*EXERCISE BRIEF:*
From the line that includes "在貴州省榕江縣車江壩區智慧育" to the last line of the records that follow, copy every line exactly and nothing more, omitting pictures.

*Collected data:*
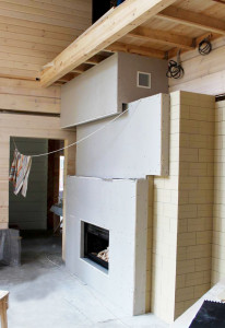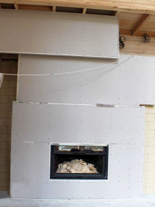 Вокруг камина уже был сделан гипсокартонный короб. Он подходил по размерам и был хорошо выставлен по уровню, поэтому задача упростилась.
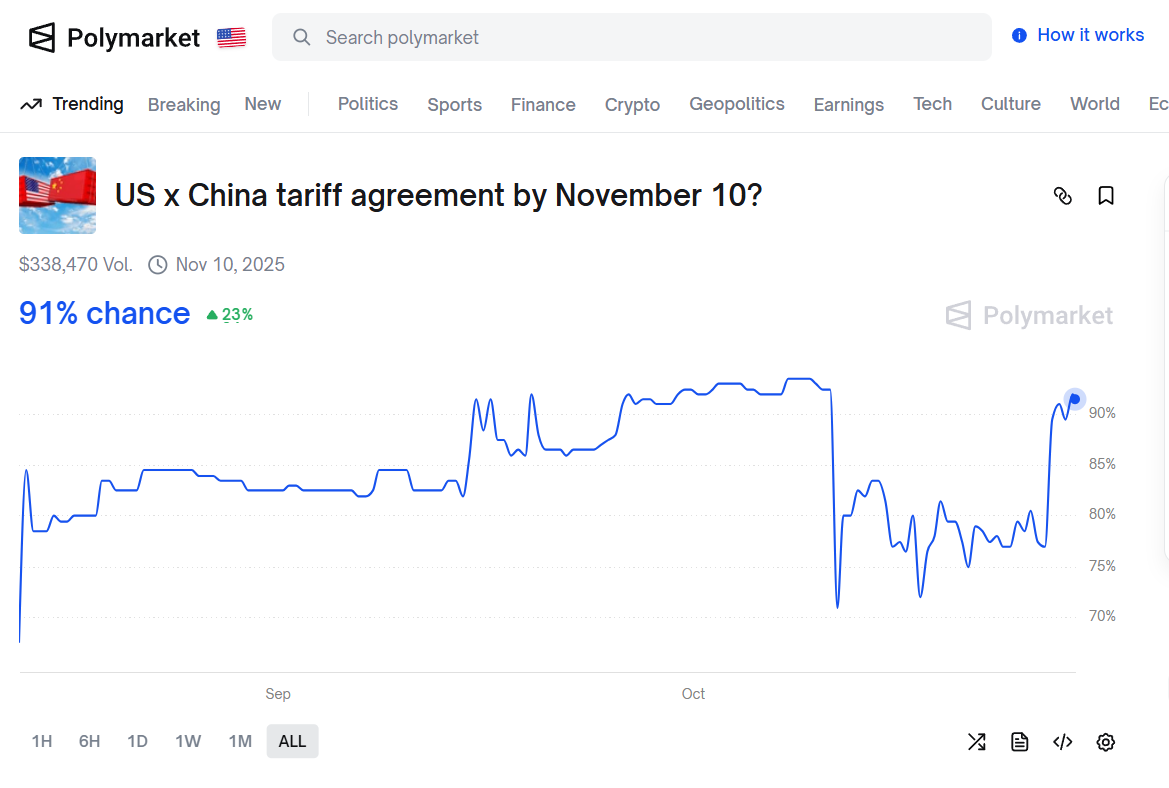 根据去中心化预测平台 Polymarket 的数据显示,交易者正大举押注中美贸易突破,预计在马来西亚进行的建设性会谈之后,中美双方在11月10日前签署关税协议的概率高达92%。
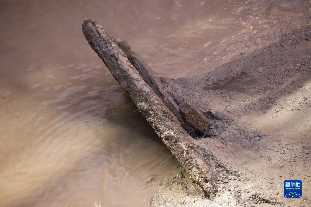 11月21日清晨拍攝的露出水面的古船船體局部。
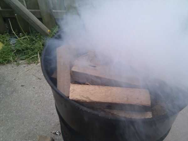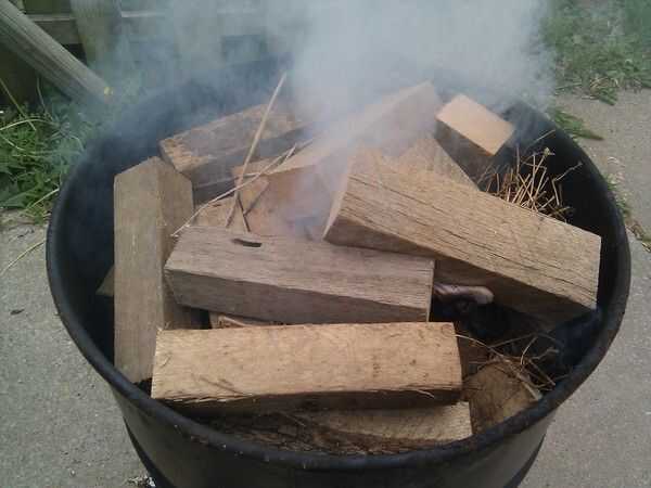 Después de agregar toda la madera, deje que el fuego arda hasta que toda la madera del barril está en llamas. Este es un paso importante porque va a quitar todo el gas de madera de esta manera. Su leña y usted comenzará a ver al char en el exterior de la madera.
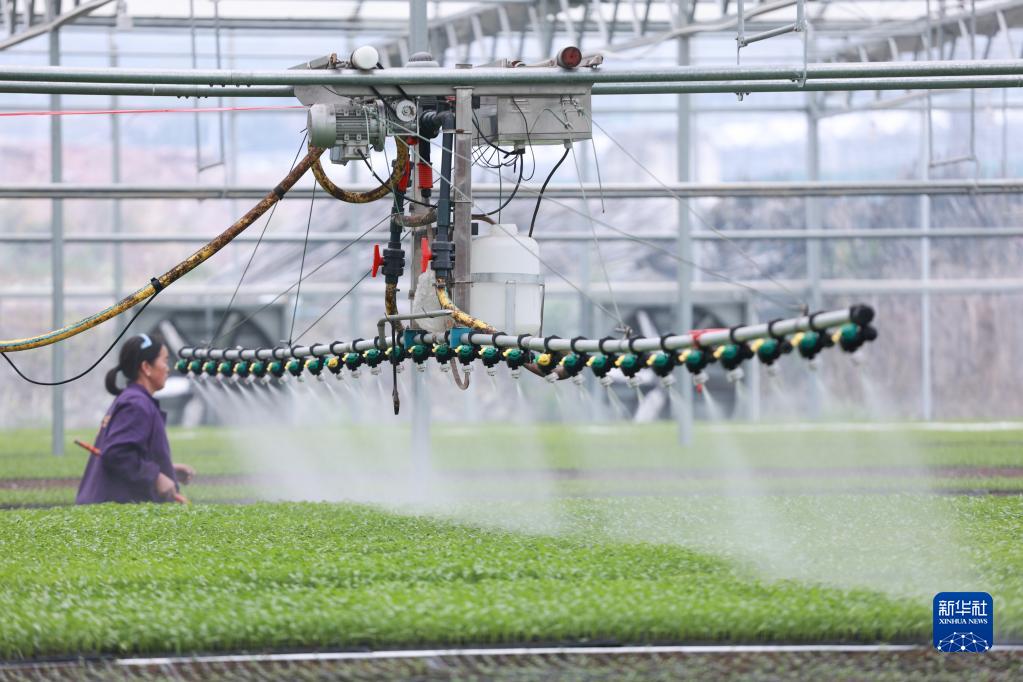 在貴州省榕江縣車江壩區智慧育苗中心內,當地農民運用水稻缽體育秧機、水肥一體自動噴淋機、多功能育苗大棚等機械化、智能化設備進行育秧育苗生產,有效提高了勞動效率和種苗質量,助力春耕生產。
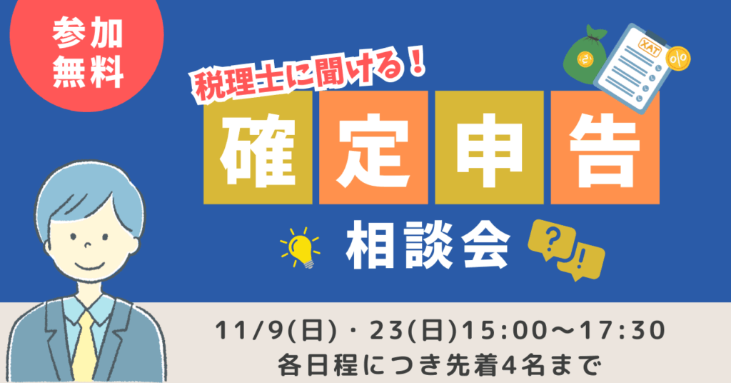 - 11/9(日)・23(日)に確定申告に向けた無料オンライン相談会を開催します!皆さん、こんにちは。福岡市を中心に活動しています若手公認会計士・税理士の奈須大貴です。 確定申告に向… 続きを読む: 11/9(日)・23(日)に確定申告に向けた無料オンライン相談会を開催します!

*RESPONSE:*
 在貴州省榕江縣車江壩區智慧育苗中心內,當地農民運用水稻缽體育秧機、水肥一體自動噴淋機、多功能育苗大棚等機械化、智能化設備進行育秧育苗生產,有效提高了勞動效率和種苗質量,助力春耕生產。
 - 11/9(日)・23(日)に確定申告に向けた無料オンライン相談会を開催します!皆さん、こんにちは。福岡市を中心に活動しています若手公認会計士・税理士の奈須大貴です。 確定申告に向… 続きを読む: 11/9(日)・23(日)に確定申告に向けた無料オンライン相談会を開催します!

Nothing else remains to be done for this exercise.